Configuration object. If None, creates default config.

cache

bool

default:"False"

Enable response caching (stored in ./llm_cache)

max_tokens

int | None

default:"None"

Maximum output tokens. If not set, uses model-specific defaults (see table below).

thinking_config

types.ThinkingConfig | None

default:"None"

Optional thinking configuration for Gemini 2.5+ models that support enhanced reasoning.

client

genai.Client | None

default:"None"

Optional pre-configured genai.Client instance. If not provided, creates one from config.

Supported Models

The client supports all Gemini models with model-specific max token limits:

Gemini 3 (Preview) - 64K output

gemini-3-pro-preview
gemini-3-flash-preview (default)

Gemini 2.5 - 64K output

gemini-2.5-pro
gemini-2.5-flash
gemini-2.5-flash-lite (64K)

Gemini 2.0 - 8K output

gemini-2.0-flash
gemini-2.0-flash-lite

Gemini 1.5 - 8K output

gemini-1.5-pro
gemini-1.5-flash
gemini-1.5-flash-8b

Max Tokens Resolution

Similar to AnthropicClient, max tokens are resolved with the following precedence:

Explicit parameter to generate_response()
Instance max_tokens set during initialization
Model-specific maximum from the mapping above
Default fallback: 8192 tokens

# Automatic: uses 65536 for gemini-3-flash-preview
client = GeminiClient(
    config=LLMConfig(model="gemini-3-flash-preview")
)

# Override: use 32K for all requests
client = GeminiClient(
    config=LLMConfig(model="gemini-2.5-pro"),
    max_tokens=32000
)

# Per-request: 16K for this specific call
response = await client.generate_response(
    messages=messages,
    max_tokens=16384
)

Thinking Configuration

Gemini 2.5+ models support enhanced reasoning modes:

from google.genai import types

client = GeminiClient(
    config=LLMConfig(
        api_key="your-key",
        model="gemini-2.5-pro"
    ),
    thinking_config=types.ThinkingConfig(
        # Configure thinking depth and approach
    )
)

Only use thinking_config with Gemini 2.5+ models. Earlier models do not support this feature.

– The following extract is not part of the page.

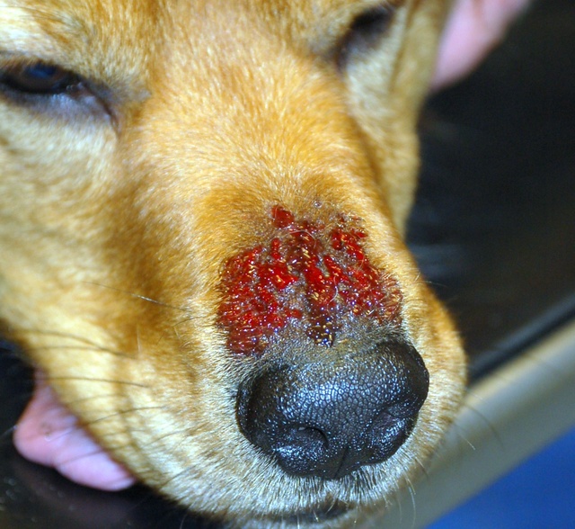 Natascha PP, похоже на химический ожог. Он никуда не мог носом ткнуться на прогулке или в гараже, например? Достаточно антифриза капельки на нос попасть из-под днища автомобиля.....
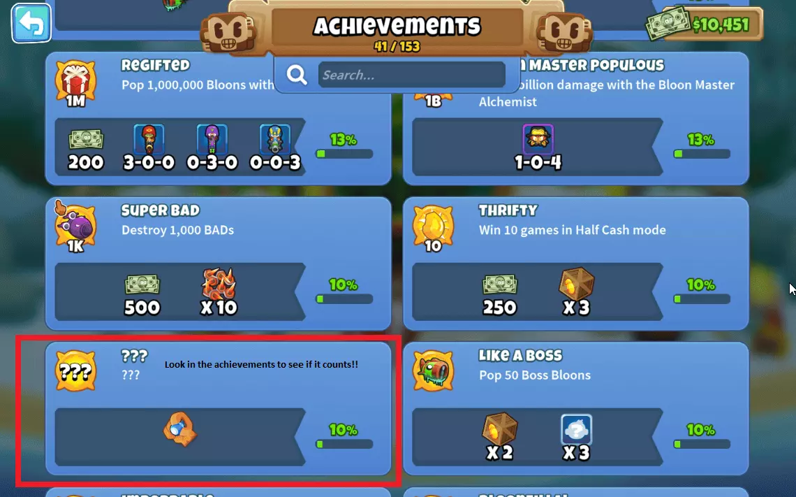 这并非专业指南,但会简要介绍我获取成就的方法,包括相关技巧和所需条件。内容会随着我遇到的成就逐步撰写。 所有技巧的原始来源都会注明。可以将本指南视为我整理的其他来源信息合集。 隐藏成就 - 第一部分 在游戏中,隐藏成就是一类特殊成就,其获取条件不会向玩家显示。通常需要通过好奇心探索或偶然发现才能解锁。——气球塔防维基(Bloons Fandom Wiki) 目前共有14个隐藏成就。黄金票:进入糖果瀑布区域,与隐藏的猴子互动并按特定顺序点击全部八只猴子来完成它们的歌曲,即可获得黄金票。需要快速按正确顺序点击猴子,大约1.0秒无操作后,顺序模式将重置。点击正确位置时,隐藏的猴子会出现然后消失。

Structured Output via Schema

Gemini uses JSON schema for structured outputs:

class ExtractedData(BaseModel):
    """Schema for extraction"""
    entities: list[str]
    relationships: list[dict[str, str]]

# The client automatically:
# 1. Converts Pydantic model to JSON schema
# 2. Sets response_mime_type to 'application/json'
# 3. Validates response against schema

response = await client.generate_response(
    messages=messages,
    response_model=ExtractedData
)

Generation configuration:

generation_config = types.GenerateContentConfig(
    temperature=self.temperature,
    max_output_tokens=resolved_max_tokens,
    response_mime_type='application/json',
    response_schema=ExtractedData,  # Pydantic model
    system_instruction=system_prompt,
    thinking_config=self.thinking_config
)

Model Size Selection

Use model_size parameter to automatically select between models:

client = GeminiClient(
    config=LLMConfig(
        model="gemini-3-flash-preview",        # Medium
        small_model="gemini-2.5-flash-lite"    # Small
    )
)

# Uses gemini-2.5-flash-lite
response = await client.generate_response(
    messages=messages,
    model_size=ModelSize.small
)

# Uses gemini-3-flash-preview
response = await client.generate_response(
    messages=messages,
    model_size=ModelSize.medium
)

Error Handling

Safety Blocks

Gemini may block content for safety reasons:

try:
    response = await client.generate_response(messages=messages)
except Exception as e:
    if 'safety' in str(e).lower() or 'blocked' in str(e).lower():
        print(f"Content blocked by safety filters: {e}")
        # No retry - content was blocked

Safety information is extracted from the response:

# Example safety block details:
# "Response blocked by Gemini safety filters: HARM_CATEGORY_HARASSMENT: HIGH"

Rate Limits

from graphiti_core.llm_client.errors import RateLimitError

try:
    response = await client.generate_response(messages=messages)
except RateLimitError as e:
    print(f"Rate limited: {e}")
    # No automatic retry - implement backoff

Rate limit detection checks for:

“rate limit” in error message
“quota” in error message
“resource_exhausted” in error message
HTTP 429 status code

Automatic Retries

The client retries up to 2 times for:

JSON parsing errors
Validation errors
Transient API failures

Retry with error context:

# On validation error:
error_context = (
    f'The previous response attempt was invalid. '
    f'Error type: {e.__class__.__name__}. '
    f'Error details: {str(e)}. '
    f'Please try again with a valid response.'
)
messages.append(Message(role='user', content=error_context))

JSON Salvage

If output is truncated or malformed, the client attempts to salvage partial JSON:

# Looks for last valid closing bracket
array_match = re.search(r'\]\s*$', raw_output)
if array_match:
    return json.loads(raw_output[:array_match.end()])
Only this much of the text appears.